Below is an artists rendition of what Joppa might have looked like during its heyday in the early 1700's.
The history of this parish is closely entwined with the history of Joppa itself.
The church was one of thirteen in the "Province of Maryland" established in 1692 by Parliament under the direction of William and Mary. It was originally known as Copley Parish, Gunpowder Hundred, named for Lionel Copley, the Royal Governor at the time. The term "hundred" referred to an area containing at least 100 families and capable of calling up one hundred men for military duty, and in the early 1700's, Gunpowder Hundred stretched from Middle River to the east side of the Bush River. Because of the difficulty in travelling such distances by horseback, "chapels of ease" were established within the parish boundaries. One of these was St. John's, which stood where the Officers Club at Edgewood Arsenal is now located.
This building only served for a short time, as the congregation was rapidly moving toward the town of Joppa, which was becoming a thriving seaport, exporting huge quantities of tobacco - up to 30,000 hogsheads a year by some estimates.
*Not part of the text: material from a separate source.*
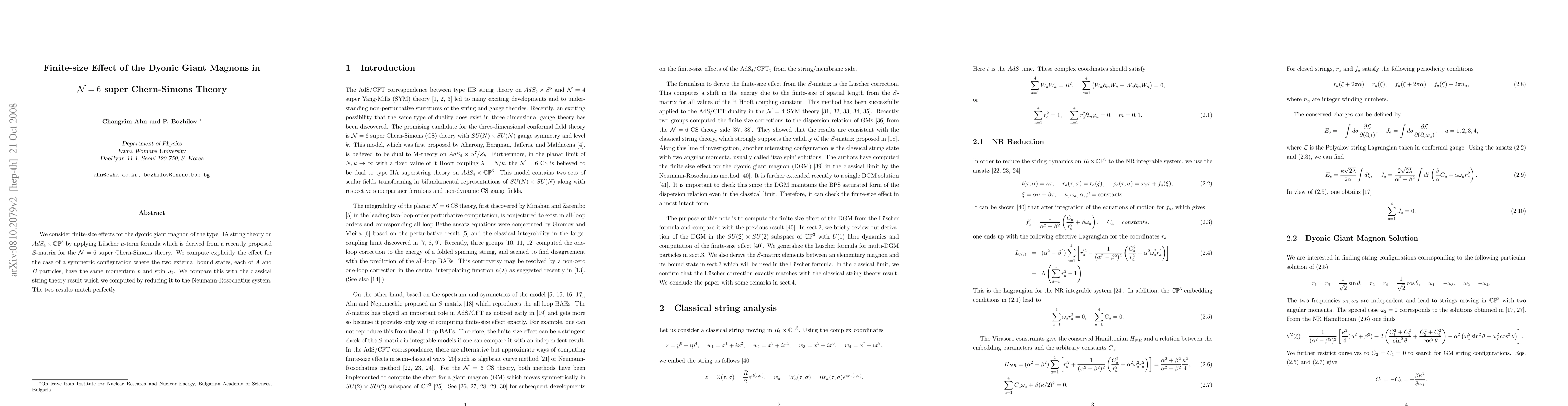 We consider finite-size effects for the dyonic giant magnon of the type IIA string theory on AdS_4 x CP^3 by applying Luscher mu-term formula which is derived from a recently proposed S-matrix for the N=6 super Chern-Simons theory. We compute explicitly the effect for the case of a symmetric configuration where the two external bound states, each of A and B particles, have the same momentum p and spin J_2. We compare this with the classical string theory result which we computed by reducing it to the Neumann-Rosochatius system. The two results match perfectly.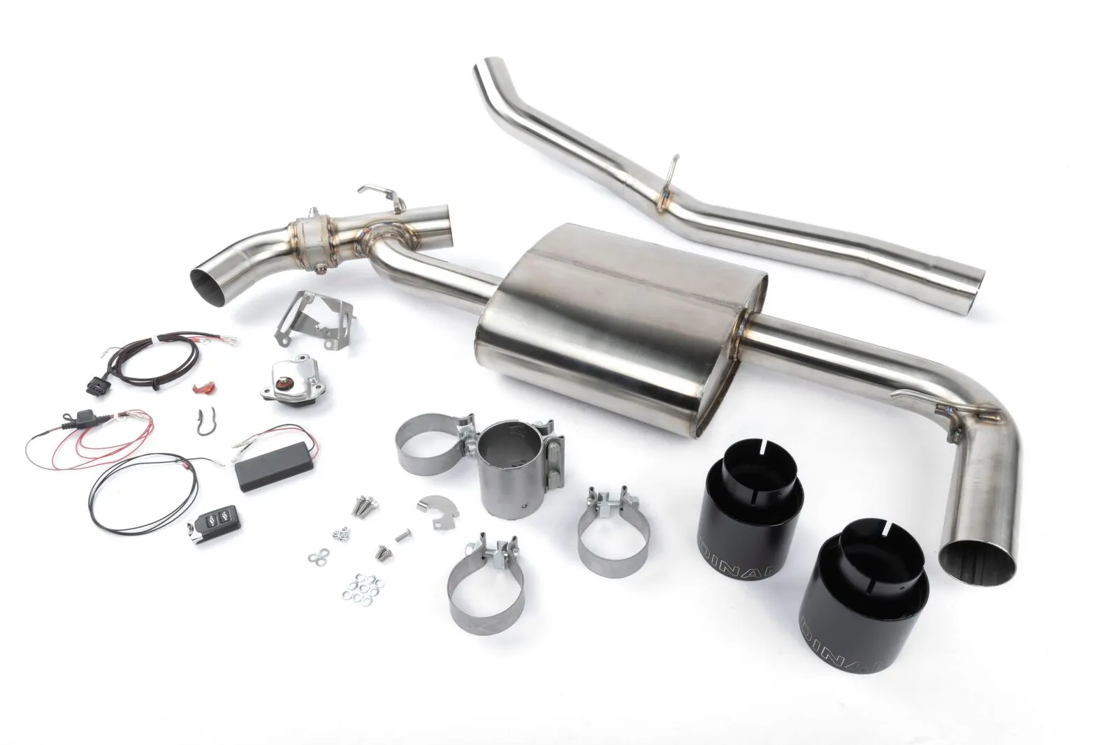 While sound is the primary reason for any exhaust purchase the styling and craftsmanship also play an important role for the discerning buyer. The Dinan F60/F54 S ALL4 exhaust has been skillfully crafted entirely out of T304 stainless steel and TIG welded for the best visual appearance and color. The entire system is then brush-finished to further guarantee an immaculate looking system out of the box. The attention to detail is not limited to parts of the system you can't see once the exhaust is installed but is also extended to the exhaust tips themselves. The Dinan exhaust sports enormous, dual 4" (102mm) clamp-on, double-walled, black ceramic coated and laser engraved exhaust tips. Dinan has retained its signature straight cut tip design, safeguarding its unique and elegant styling position, amongst a marketplace dominated by angle cuts. The tips masterfully fill up and accentuate upon the factory cut-outs showcasing an extremely aggressive, yet refined, styling that will turn heads even before it is heard.

The exact date the building at Elk Neck was abandoned and the new church built in Joppa is uncertain, but an act of the General Assembly in 1724 made provision for one acre of land to be set aside for St. John's Church.
No matter when it was erected, it apparently was not very well made, for the Vestry minutes are liberally sprinkled with notations that this person or that had been hired to reset brick, build supports to hold up the walls, and so forth. If all of Joppa was as well constructed, it is no wonder that by 1814, the town was abandoned and nothing left but the church, in a state of decay, and four houses.
During its heyday, Joppa was the largest city in the area, with a population of about 300 people. Tobacco plantations surrounded its mile-wide deepwater port, and legislation made 90 pounds of tobacco paid in taxes at Joppa worth 100 pounds elsewhere. There was a considerable trade with Europe and the West Indies. St. John's parish boasted a Communion set given by Queen Anne in 1714. As the county seat, it was the site of court hearings, hangings, elections, cock fights and horse races. All in all, it was quite a place, equal in importance to St. Mary's City or Williamsburg.
Although there were no Revolutionary War battles fought in Maryland, over 200 British war ships sailed past Joppa in August of 1777 on their way to Elkton, where they disembarked to fight in the Battle of Brandywine. Several years later, Lafayette and his troops camped overnight at Foster's Branch en route to Yorktown.
But Joppa's days were numbered. The harbor was silting up, (See photo below) making navigation impossible, and the town of Baltimore was growing in size and importance. When the County Seat was moved to Baltimore, Joppa's days in the sun were over, and it slid into the backwaters of history. St. John's Parish was re-established in Kingsville, on property donated by Edward Day. Most of the original tombstones were uprooted and taken to Kingsville, where they remain. The baptismal font and other furnishings were removed from the crumbling church in Joppa and used in the new building.
When Panitz and Company began to develop the new Joppatowne in 1961, it was discovered the Episcopal Diocese still owned the land once occupied by the church and graveyard. The Reverend Paul Dawson, rector of St. John's approached Mr. Panitz with the deed to the property and proposed building a new church, to be known as The Church of the Resurrection, on the site. Mr. Panitz was very enthusiastic about the project, and agreed to sell us two additional acres. On November 25, 1964, we took title to three acres, two of which we paid for. The third was a gift from Mr. Panitz! He also gave us permission to use a house on Foxwell Drive until such time as the new church was completed. The first building, now used as a Sunday School, was dedicated in 1970. The present sanctuary was completed in 1974.
On March 14, 1967, the old farmhouse that had been erected on the foundations of the original church was burned to begin clearing the grounds for the new construction. Note the McCollough tombstone in the foreground of the picture below. The existence of the old house made for difficult archaeology on the site due to mixing of contemporary items with Colonial Era artifacts.Photos by ROBERT CROOKS The view of the site today.
The foundation bricks from the original Church building on this site may be seen in this view of the preserved site.
The mouth of the Little Gunpowder River at Resurrection. The line of trees on the horizon are beyond Pulaski Highway, over a mile away. The harbor originally extended to that tree line. The photo was taken from the site of the harbor wall where ships the size of the Constellation would have moored.